▸ **TASK BRIEF**: In the material below, find the line with "Styled by Jessica" and the line with "Champion冠军半开襟卫衣女2026春季新款V领纯棉翻领polo复古学院", then output both and every line between them exactly, omitting pictures.

▸ **EXERCISE MATERIALS**:
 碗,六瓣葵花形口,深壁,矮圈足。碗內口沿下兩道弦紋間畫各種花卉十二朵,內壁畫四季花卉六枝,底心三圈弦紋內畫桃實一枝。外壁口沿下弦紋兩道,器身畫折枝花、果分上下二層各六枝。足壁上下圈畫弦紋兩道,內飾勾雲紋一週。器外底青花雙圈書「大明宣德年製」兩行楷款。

--

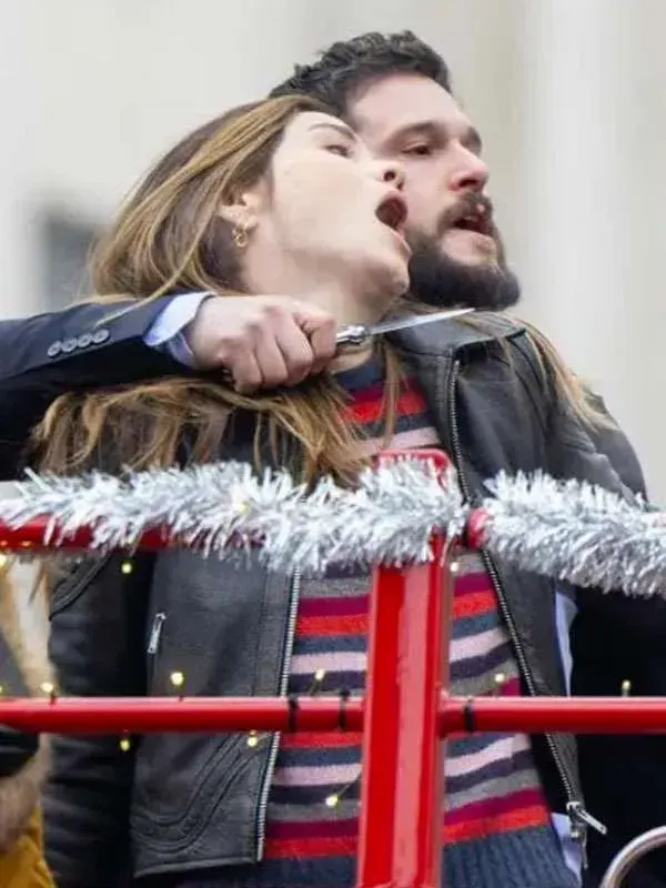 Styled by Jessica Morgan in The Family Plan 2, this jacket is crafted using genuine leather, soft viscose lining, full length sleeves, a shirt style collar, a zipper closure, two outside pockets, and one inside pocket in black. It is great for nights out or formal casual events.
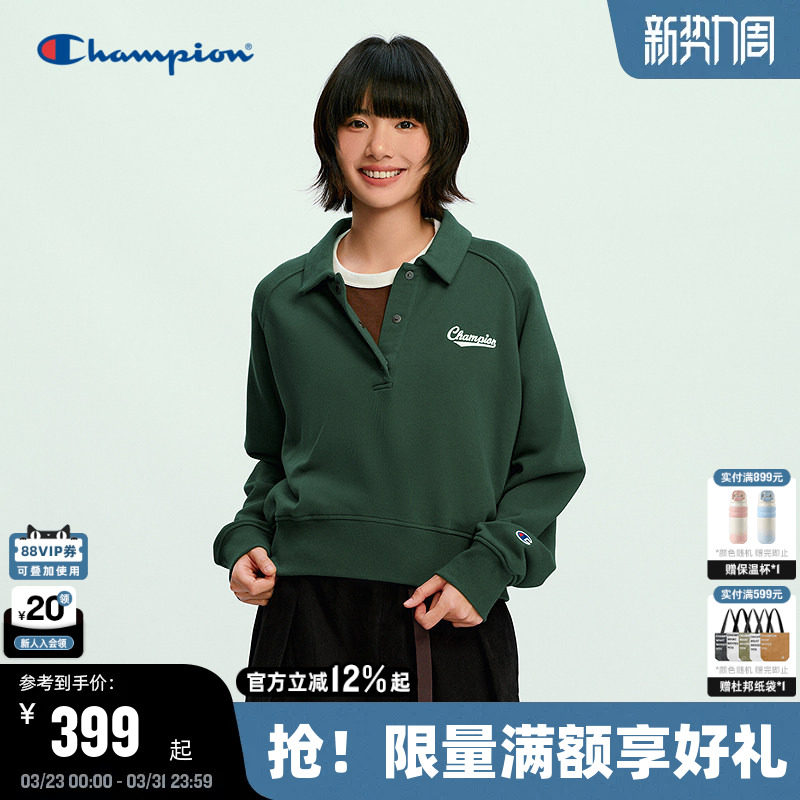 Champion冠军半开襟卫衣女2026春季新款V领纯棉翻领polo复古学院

▸ **OUTPUT**:
 Styled by Jessica Morgan in The Family Plan 2, this jacket is crafted using genuine leather, soft viscose lining, full length sleeves, a shirt style collar, a zipper closure, two outside pockets, and one inside pocket in black. It is great for nights out or formal casual events.
 Champion冠军半开襟卫衣女2026春季新款V领纯棉翻领polo复古学院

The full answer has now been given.